Le débat porte aussi sur les taxis ou les indépendants qui subissent une perte de revenu mais ne peuvent pas fermer. Combien de situations existe-t-il finalement?
Le taxi peut être en SA ou Sàrl ou en raison individuelle. Il en résulte l’inégalité citée plus haut. Les indépendants en raison individuelle subissent une autre inégalité, finalement assez sournoise. Ils se répartissent en effet entre une première catégorie, composée de ceux qui sont inscrits dans la liste du Conseil fédéral parce qu’ils ont fermé, comme les coiffeurs ou les restaurateurs, et un deuxième groupe, avec ceux qui n’ont pas fermé mais ont subi une chute de leur chiffre d’affaires. Ce deuxième groupe comprend des physiothérapeutes, des architectes ou des logopédistes.

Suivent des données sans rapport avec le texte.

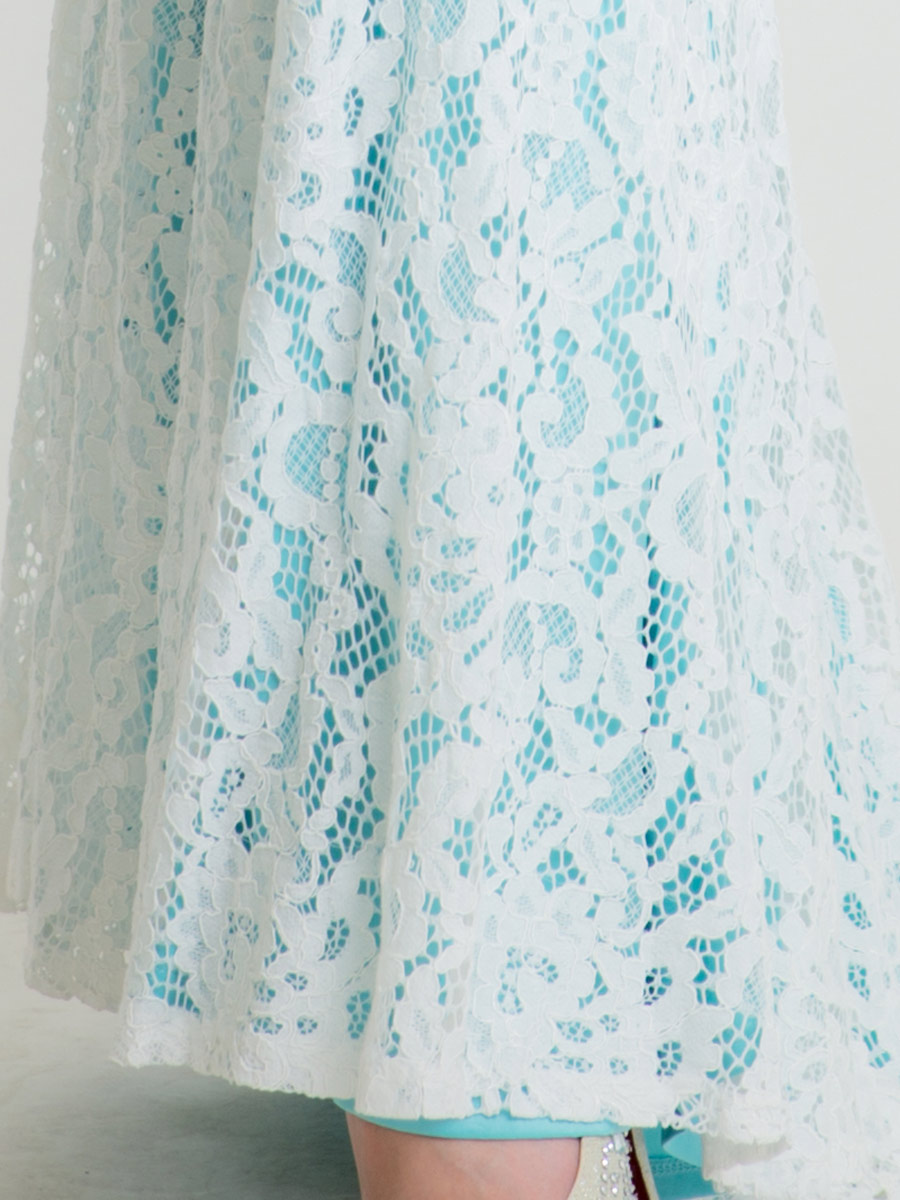 [ERUKEI][薗田杏奈着用]パステル・オーバーホワイトレース・ノースリーブ・Vネック・バックトレーン・ロングドレス[送料無料] [lk-29305]

Il y a donc quatre catégories de chômeurs, les employés ordinaires (plafond à 9880 francs), les entrepreneurs en SA ou Sàrl avec un forfait de 3320 francs, les entrepreneurs indépendants qui ont fermé et qui reçoivent 5800 francs et les indépendants qui n’ont pas fermé mais qui ne font presque plus de chiffre d’affaires et ne reçoivent rien du tout. Il faudrait donner à ces derniers le bénéfice d’une allocation à 196 francs par jour car ils ont aussi arrêté à cause de la pandémie.
Que pensez-vous de l’idée, exprimée par l’Union suisse des professions libérales, de doubler le montant de 196 francs par jour?
Le doublement du plafond permettrait de les placer à un niveau proche de celui des salariés ordinaires. Il faut toutefois préciser que ce type d’indépendants n’a pas payé de primes d’allocation chômage, à la différence des autres entrepreneurs et salariés, et cela serait donc une solution relativement généreuse.